*** Available data Section Begins ***
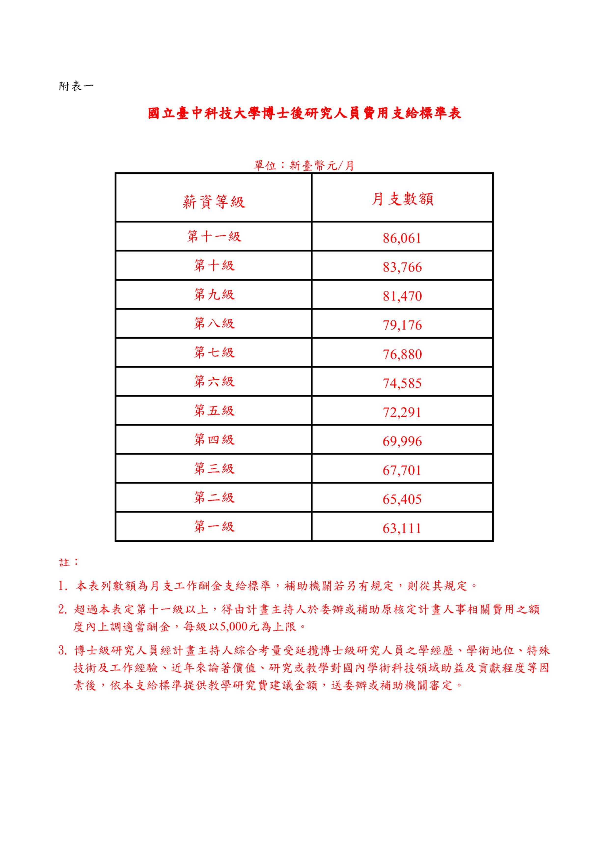A:國立臺中科技大學執行國科會(原科技部)補助專題研究計畫專任助理月支工作酬金對照表【114/02/11更新】
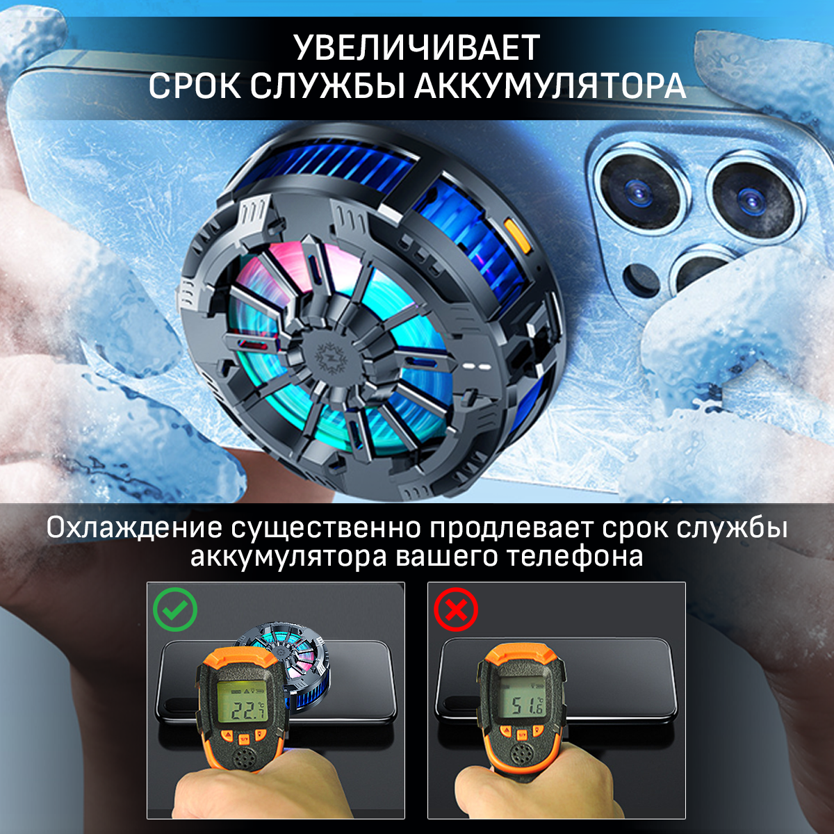 Кулер для охлаждения телефона магнитный Hangwoods, 1 штука с подсветкой
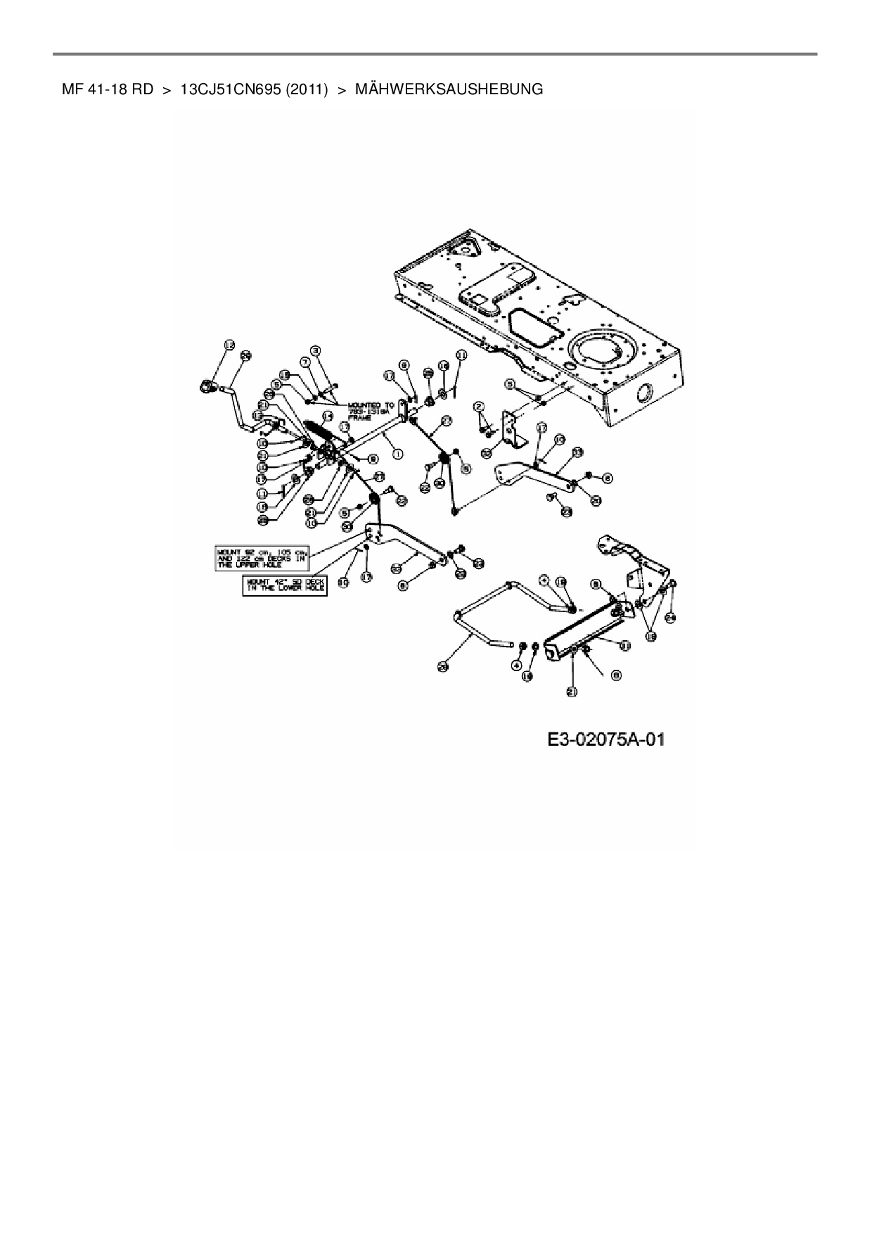 Ersatzteile für Rasentraktor Massey Ferguson MF 41-18 RD aus der Zeichnung Mähwerksaushebung:
*** Available data Section Ends ***
Try it: Write out the listing above exactly as it stands, pictures excluded.

Solution:
A:國立臺中科技大學執行國科會(原科技部)補助專題研究計畫專任助理月支工作酬金對照表【114/02/11更新】
 Кулер для охлаждения телефона магнитный Hangwoods, 1 штука с подсветкой
 Ersatzteile für Rasentraktor Massey Ferguson MF 41-18 RD aus der Zeichnung Mähwerksaushebung:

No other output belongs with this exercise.